A quick check if there are NaNs anywhere in a DataFrame is an important quality check and good scientific practice.
data.isnull().values.any()
True
We can also get some deeper insights in which columns these NaN values are located.
data.isnull().sum()
Area 2
Mean 5
StdDev 3
Min 3
Max 3
X 2
Y 3
XM 3
YM 5
Major 8
Minor 3
Angle 1
%Area 0
Type 0
dtype: int64
For getting a glimpse about if we can further process that tabel, we may want to know the percentage of NaNs for each column?
data.isnull().mean().sort_values(ascending=False) *100
Major 2.046036
Mean 1.278772
YM 1.278772
StdDev 0.767263
Min 0.767263
Max 0.767263
Y 0.767263
XM 0.767263
Minor 0.767263
Area 0.511509
X 0.511509
Angle 0.255754
%Area 0.000000
Type 0.000000
dtype: float64
Dropping rows that contain NaNs#
Depending on what kind of data analysis should be performed, it might make sense to just ignore columns that contain NaN values. Alternatively, it is possible to delete rows that contain NaNs.

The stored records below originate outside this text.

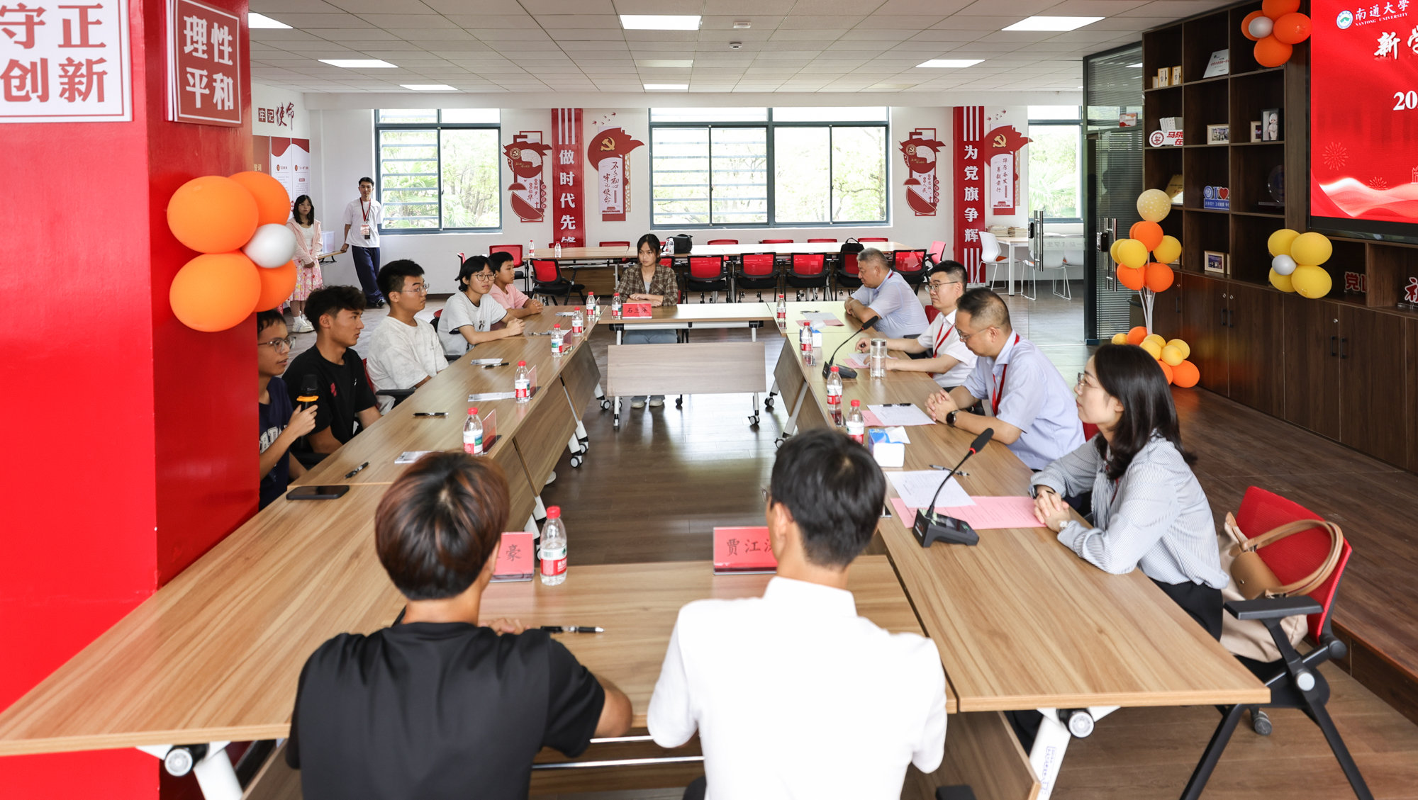 报到期间,各学院结合专业特点,在办公区域营造特色迎新氛围,设置迎新服务点与遮阳休息区,提供免费饮水及防暑物资。历史文化学院(法学院)在迎新点设置“签名树”和“打卡墙”供新生定格初遇瞬间,并安排“通关文牒”集章游戏引导学生探索校园;物理科学与技术学院开辟新生许愿墙供学生表达对大学生活的期许与憧憬,并发放印有院训的文创好礼;马克思主义学院设立“信仰手印板”“新生打卡墙”并发放定制帆布袋,让新生快速找到归属感;医学院用新生姓名拼成带有“健康所系 性命相托”字样的姓名墙,并为“逢百位”打卡的新生赠送定制款白大褂,帮助新生尽快转换角色;交通与土木工程学院架设留影展架和巨幅欢迎墙,并送出暖心礼包;药学院搬出“药花药草”玩偶与新生互动合影,并赠送文创帆布包……为了让新生家长放松身心好好休息,启东校区还在体育馆铺上凉席,并根据所需提供床单和驱蚊花露水,尽显服务温情。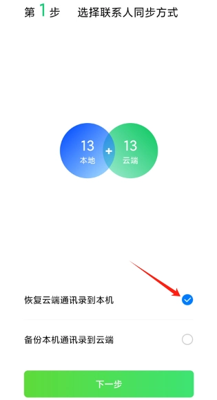 在同步设置里选择“从云端恢复通讯录到本机”,系统会自动把通讯录数据恢复到新手机上。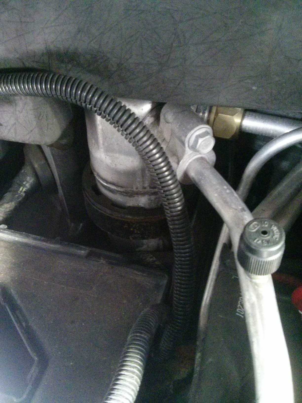 Der Kompressor sitzt beschissen unten am Motor, unter Krümmer und der Wapu. Leitungen zum Kondensator unten und zum Trockner. Krümmer oder Wapu werden raus müssen.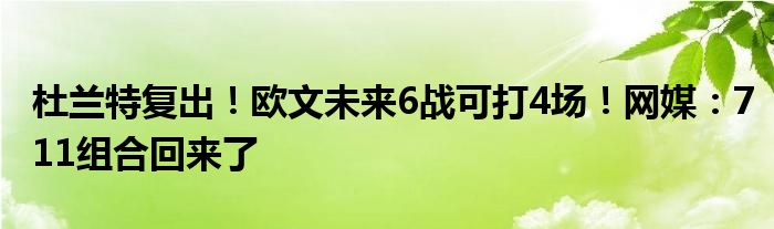 籃網(wǎng)自媒體Brooklyn Netcast今日曬出杜蘭特與歐文的合照,并寫道:“杜蘭特回歸,未來(lái)6場(chǎng)歐文可打4場(chǎng),711組合回來(lái)了

It depends on your project and what is important or not for the analysis. Its not an easy answer.
data_no_nan = data.dropna(how="any")
data_no_nan
Area | Mean | StdDev | Min | Max | X | Y | XM | YM | Major | Minor | Angle | %Area | Type | |
---|---|---|---|---|---|---|---|---|---|---|---|---|---|---|
1 | 18.0 | 730.389 | 103.354 | 592.0 | 948.0 | 435.000 | 4.722 | 434.962 | 4.697 | 5.987 | 3.828 | 168.425 | 100 | A |
2 | 126.0 | 718.333 | 90.367 | 556.0 | 1046.0 | 388.087 | 8.683 | 388.183 | 8.687 | 16.559 | 9.688 | 175.471 | 100 | A |
4 | 68.0 | 686.985 | 61.169 | 571.0 | 880.0 | 126.147 | 8.809 | 126.192 | 8.811 | 15.136 | 5.720 | 168.133 | 100 | A |
6 | 669.0 | 697.164 | 72.863 | 539.0 | 957.0 | 471.696 | 26.253 | 471.694 | 26.197 | 36.656 | 23.237 | 124.340 | 100 | A |
7 | 5.0 | 658.600 | 49.161 | 607.0 | 710.0 | 28.300 | 8.100 | 28.284 | 8.103 | 3.144 | 2.025 | 161.565 | 100 | A |
... | ... | ... | ... | ... | ... | ... | ... | ... | ... | ... | ... | ... | ... | ... |
383 | 94.0 | 746.617 | 85.198 | 550.0 | 1021.0 | 194.032 | 498.223 | 194.014 | 498.239 | 17.295 | 6.920 | 52.720 | 100 | B |
387 | 152.0 | 801.599 | 111.328 | 582.0 | 1263.0 | 348.487 | 497.632 | 348.451 | 497.675 | 17.773 | 10.889 | 11.829 | 100 | A |
389 | 60.0 | 758.033 | 77.309 | 601.0 | 947.0 | 259.000 | 499.300 | 258.990 | 499.289 | 9.476 | 8.062 | 90.000 | 100 | A |
390 | 12.0 | 714.833 | 67.294 | 551.0 | 785.0 | 240.167 | 498.167 | 240.179 | 498.148 | 4.606 | 3.317 | 168.690 | 100 | A |
391 | 23.0 | 695.043 | 67.356 | 611.0 | 846.0 | 49.891 | 503.022 | 49.882 | 502.979 | 6.454 | 4.537 | 73.243 | 100 | A |
374 rows × 14 columns
On the bottom of that table, you can see that it still contains 374 of the original 391 columns. If you remove rows, you should document in your later scientific publication, how many out of the total number of datasets were analysed.
We can now also check again if NaNs are present.
data_no_nan.isnull().values.any()
False
Determining rows that contain NaNs#
In some use-cases it might be useful to have a list of row-indices where there are NaN values.
data2 = {
'A': [0, 1, 22, 21, 12, 23],
'B': [2, 3, np.nan, 2, 12, 22],
'C': [2, 3, 44, 2, np.nan, 52],
}
table = pd.DataFrame(data2)
table
A | B | C | |
---|---|---|---|
0 | 0 | 2.0 | 2.0 |
1 | 1 | 3.0 | 3.0 |
2 | 22 | NaN | 44.0 |
3 | 21 | 2.0 | 2.0 |
4 | 12 | 12.0 | NaN |
5 | 23 | 22.0 | 52.0 |
np.max(table.isnull().values, axis=1)
array([False, False, True, False, True, False])
Exercise#
Take the original data
table and select the columns Area
and Mean
. Remove all rows that contain NaNs and count the remaining rows.
Afterwards, take the original data
table again and select the columns Major
and Minor
. Remove NaNs and count the remaining rows again. What do you conclude?